Between Lovable Beauty and Unlovable Ugliness

Where does your brand fit?

By Tim Leberecht


Beauty and love — the relationship between the two has been the cause of much passionate philosophical debate (and even war).

Urbanism professor Michael Benedikt created a 2 x 2 matrix illustrating the continuum from “lovable beauty” to “unlovable beauty,” and from “lovable ugliness” to “unlovable ugliness.”

© Michael Benedict


He arrived there by intersecting the two main traditions shaping Western notions of beauty and love: beauty as the highest aspiration of the Greco-Roman tradition and love as that of the Hebraic-Christian. Both traditions, Benedikt argues, view “lovable beauty” as the highest state of the human experience and agree on “unlovable ugliness” as the lowest. He points out, “There is a tendency to think the job is done in each case: the Greco-Roman resting at beautiful (lovable or not), and the Hebraic-Christian resting at lovable (beautiful or not).”
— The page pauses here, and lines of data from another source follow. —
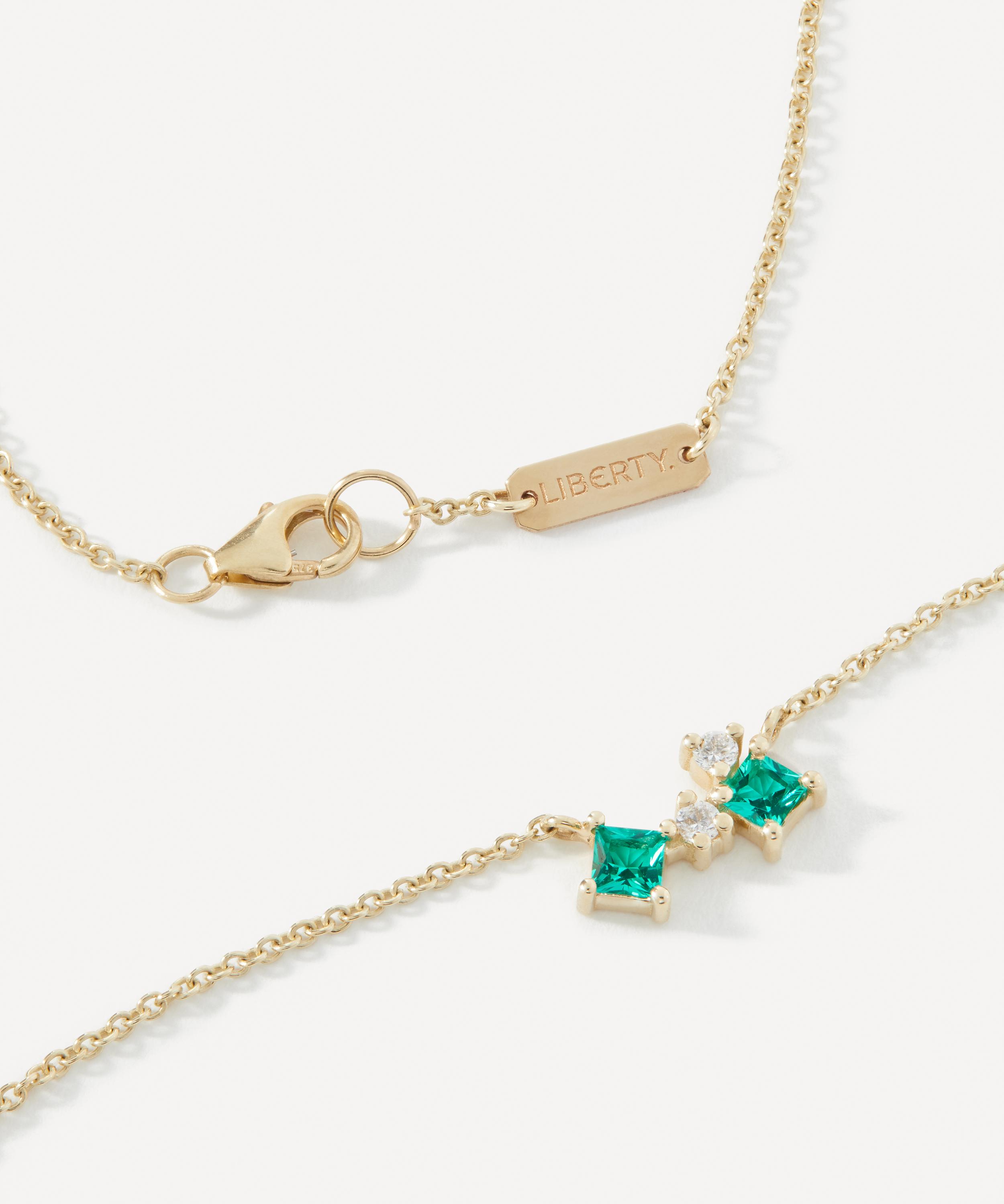 Handmade in Italy from solid 9ct gold, it beautifully unites elegant, classic jewellery aesthetics with a contemporary twist, featuring a fine trace chain adorned with mixed-cut composition of diamonds and emeralds. Perfect for both special occasions and daily elegance, it can be styled as a solo piece, worn as part of a stack, or paired with the Dafne Diamond and Emerald Ring.
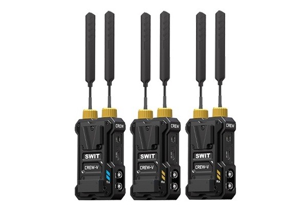 El paquete SWIT CREW-V Tx + 2Rx ofrece a los equipos profesionales un sistema inalámbrico para la transmisión y el monitorizado de vídeo que admite dos receptores para el seguimiento multipunto. Permite la transmisión fluida de vídeo HD sin pérdida de calidad de imagen y con una sincronización perfecta en todos los dispositivos dentro de un alcance de 1,2 km.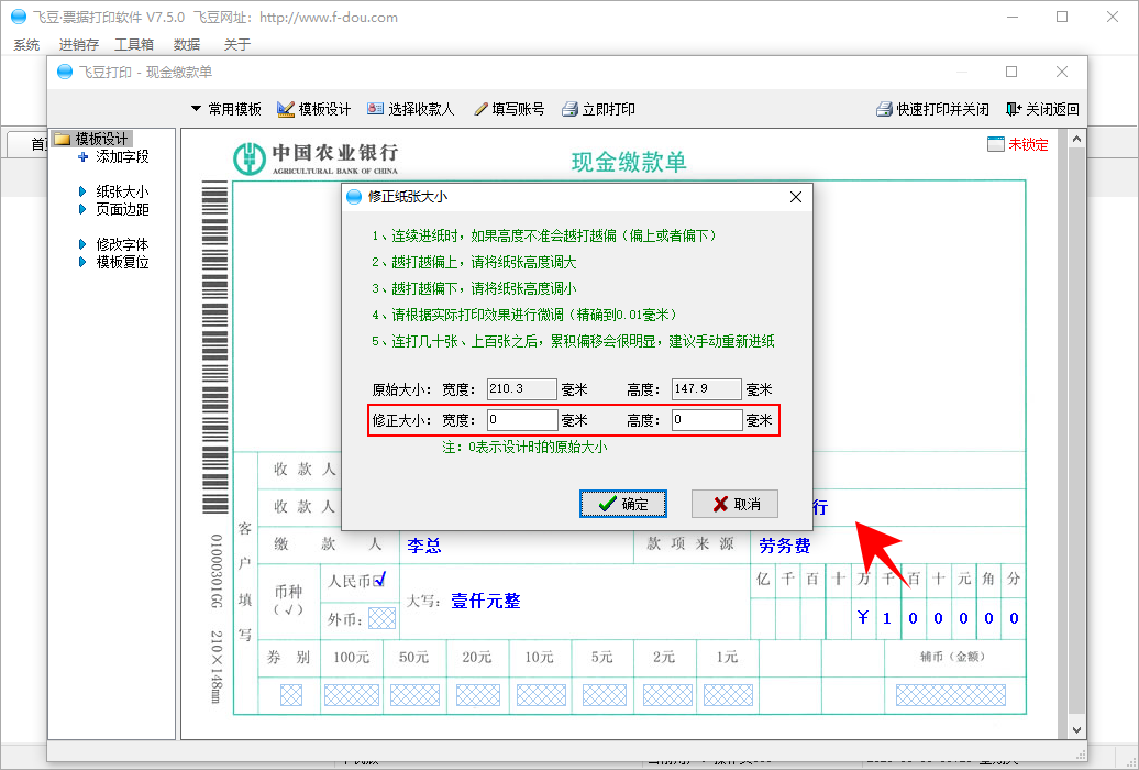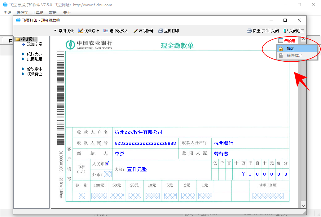 飞豆票据打印软件是一款所见即所得,操作简单,免费专业的票据打印软件,它支持多种多种现金缴款单打印,用户可以自由随意调整现金缴款单内容位置,锁定现金缴款单模板,轻松快速高效的打印出规范、专业的现金缴款单。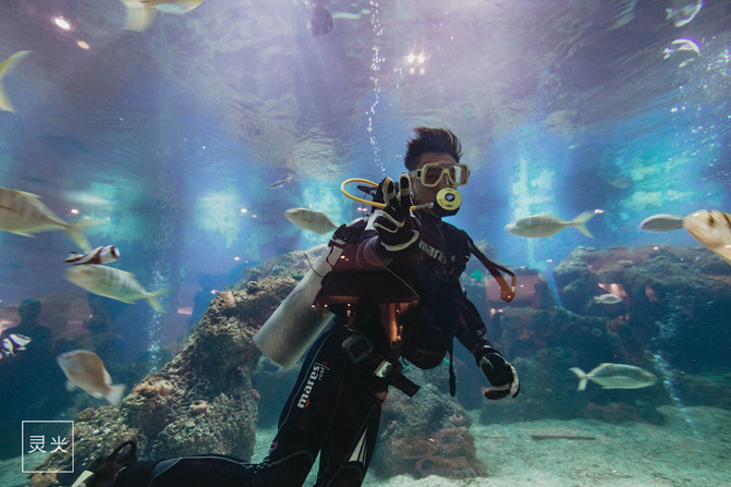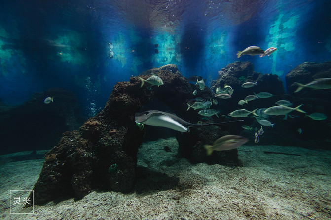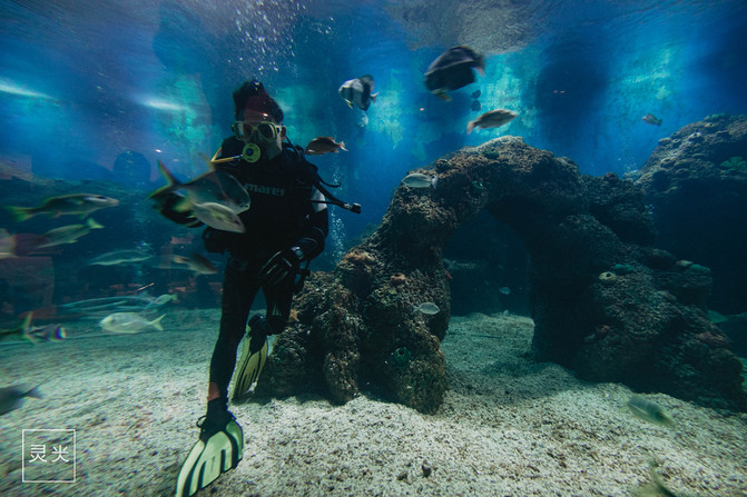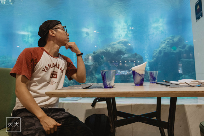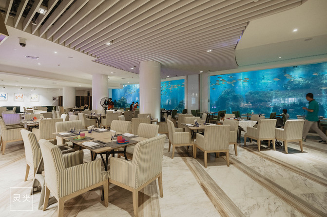 Ocean Blue海洋主题餐厅位于三亚亚龙湾迎宾馆一层,酒店于2016年初开业,海蓝餐厅由连接屋顶的巨幅玻璃幕墙组成。每晚7点30分,专业潜水员将潜入巨型鱼缸,表演喂鱼秀。可以一边享受饕餮大餐一边观赏喂鱼表演,一场美轮美奂的视觉盛宴正在上演。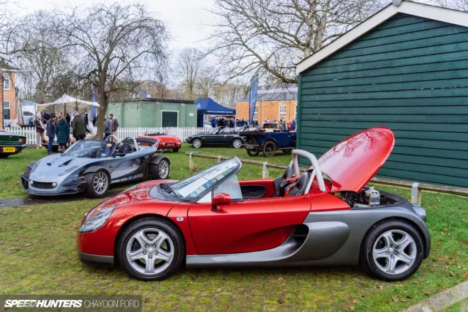 The Lotus was released in 2000, with the limited run of 340 cars all snapped up before release. Taking the already lithe, 725kg (1,598lb) Exige Series 1 and removing a large portion the bodywork netted a revised weight of just 675kg (1,488lb). Fibreglass panels barely clothed the extruded and bonded aluminium chassis, with no doors or roof to speak of.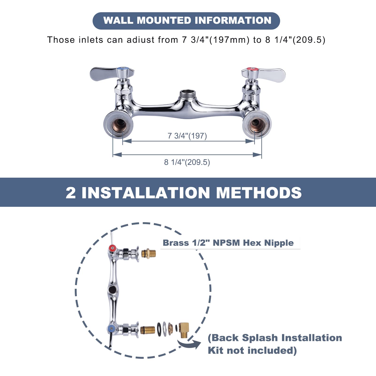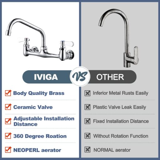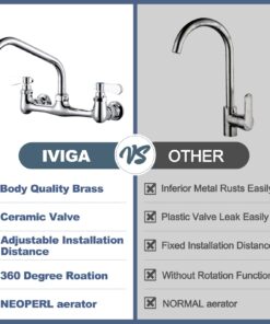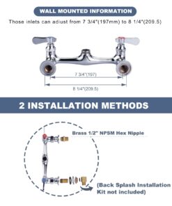 - 【Easy DIY Installation】8″ adjustable center distance (available for hole distance:7.75″-8.25″), Kitchen sink faucet is designed to fit 2-hole, wall-mounted configurations,the package included all mounting hardware,you may install this faucet less than following the manual.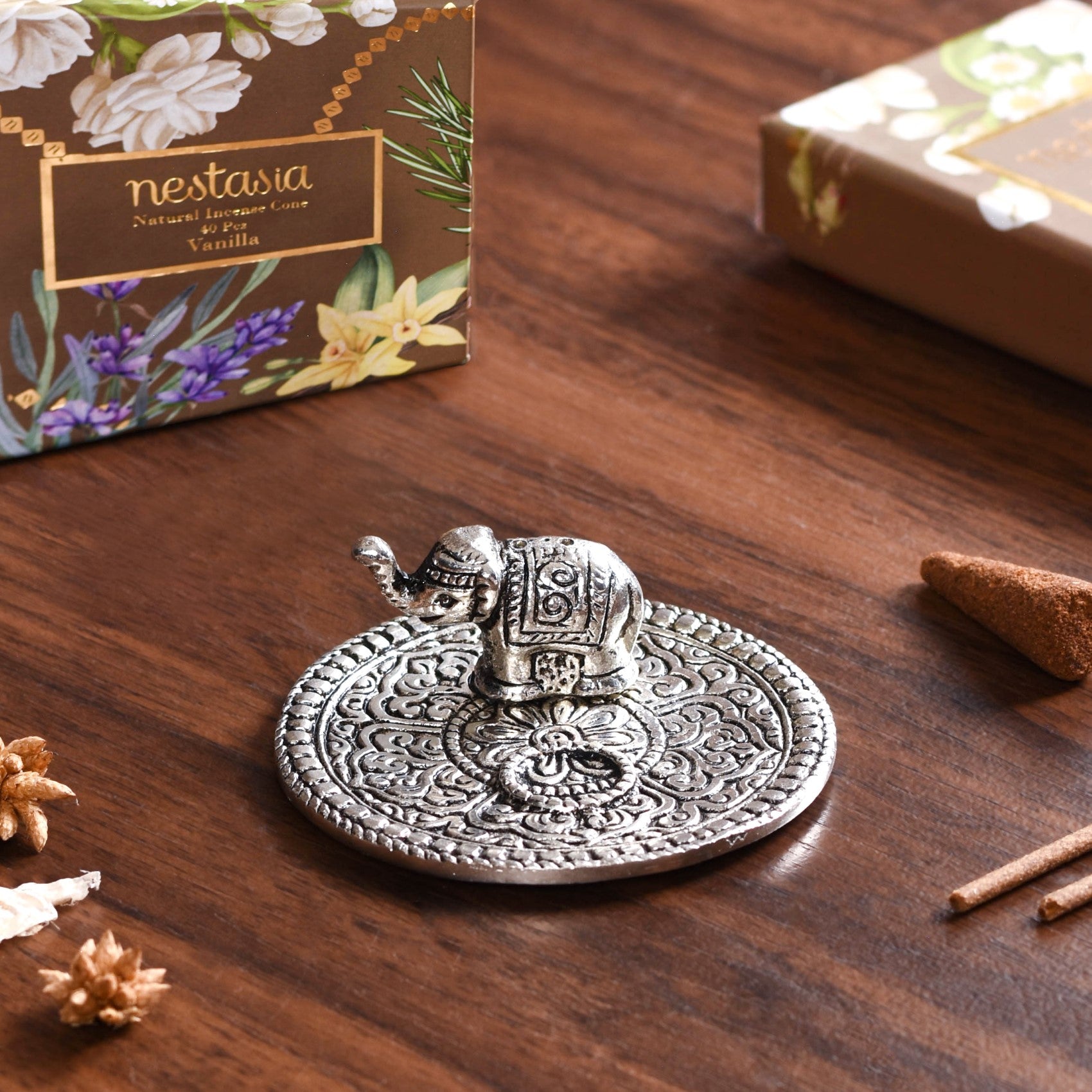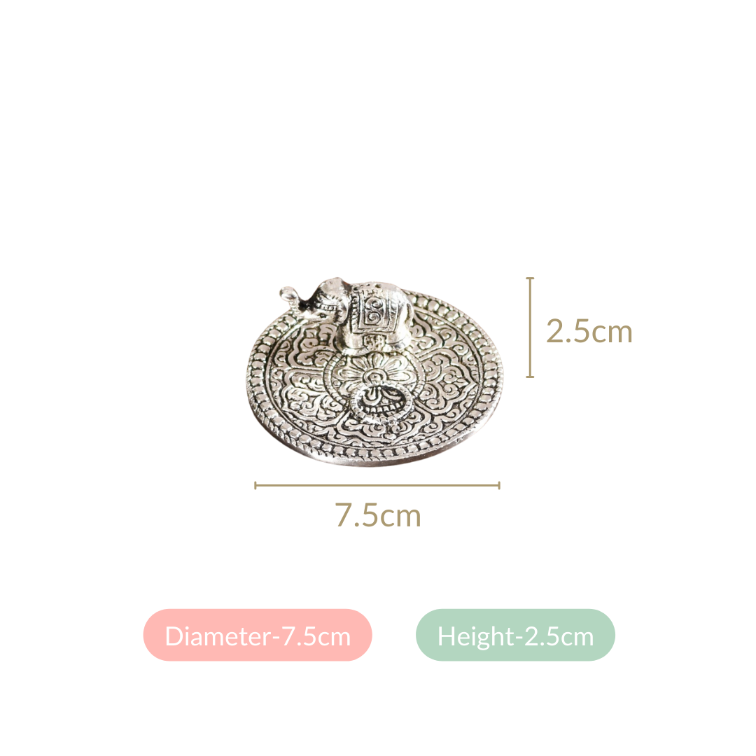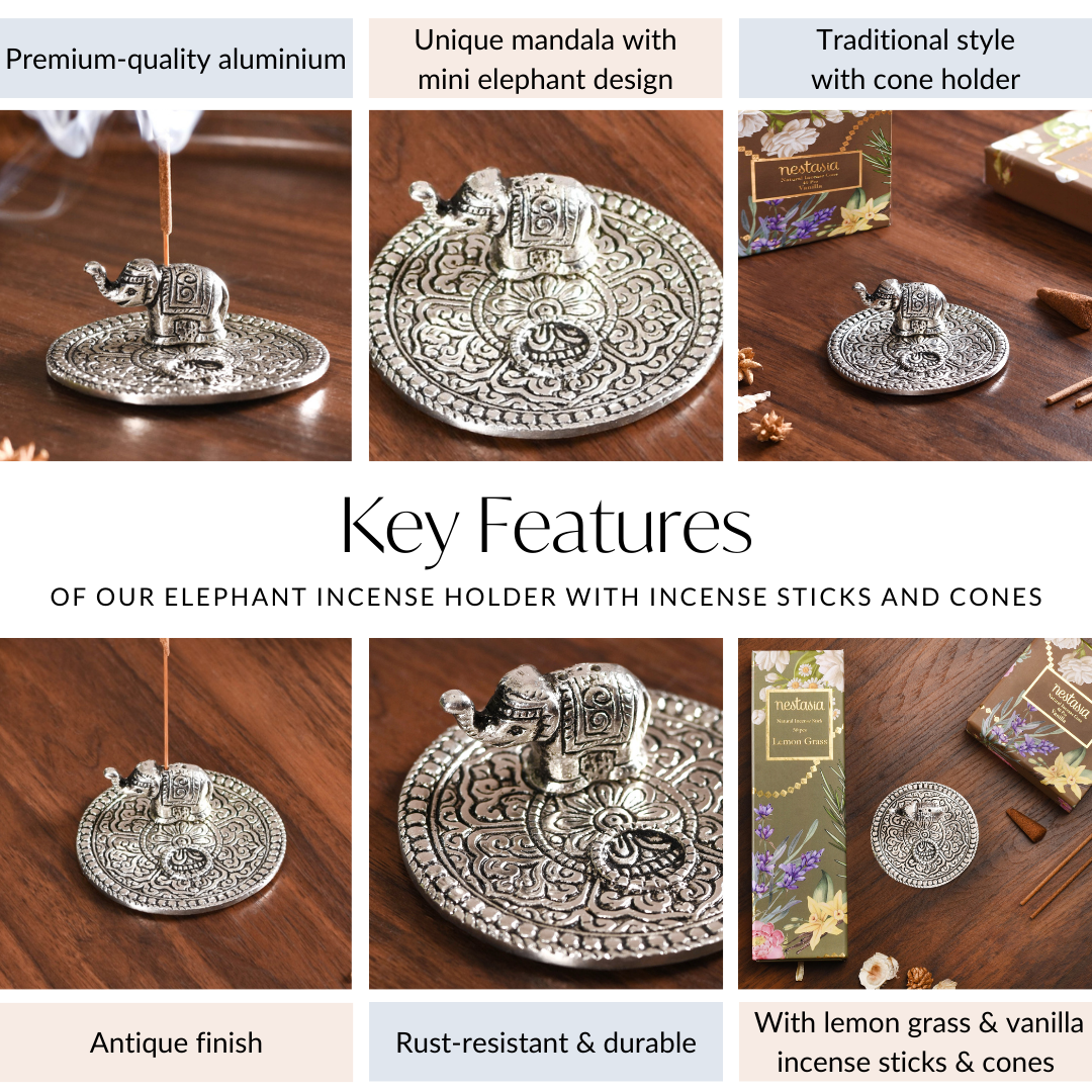 Premium-quality aluminium Unique mandala with mini elephant design Traditional style with cone holder Antique finish  Rust-resistant and durable Comes with a box of lemon grass incense sticks and vanilla incense cones

But those two absolute viewpoints are less interesting to him than the shades of beauty between them, for example “lovable ugliness,” for which he cites the juvenile as the most prominent manifestation: “Consider the large, wide-set eyes and the charmingly uncoordinated antics of babies and puppies; consider the freshness and awkwardness, the innocence, the unwarranted confidence and nonjudgmental affection of the very young.”

He concludes:

“What makes (some) ugly things lovable is the hope for transformation, or the knowledge that it is imminent. The duckling we know will become a swan is not really ugly.”

In contrast, unlovably ugly objects, places, or people offer little such hope.

In business? Facebook is unlovably ugly. TikTok is lovably ugly.

And as for “unloved beauty”? “Here we enter the territory of much modern architecture,” Benedikt contends.

Unloved beauty is pure functionalism purposefully stripped of love. A fully automated AI-first organization run entirely by machines comes to mind. Loved beauty is…Rome.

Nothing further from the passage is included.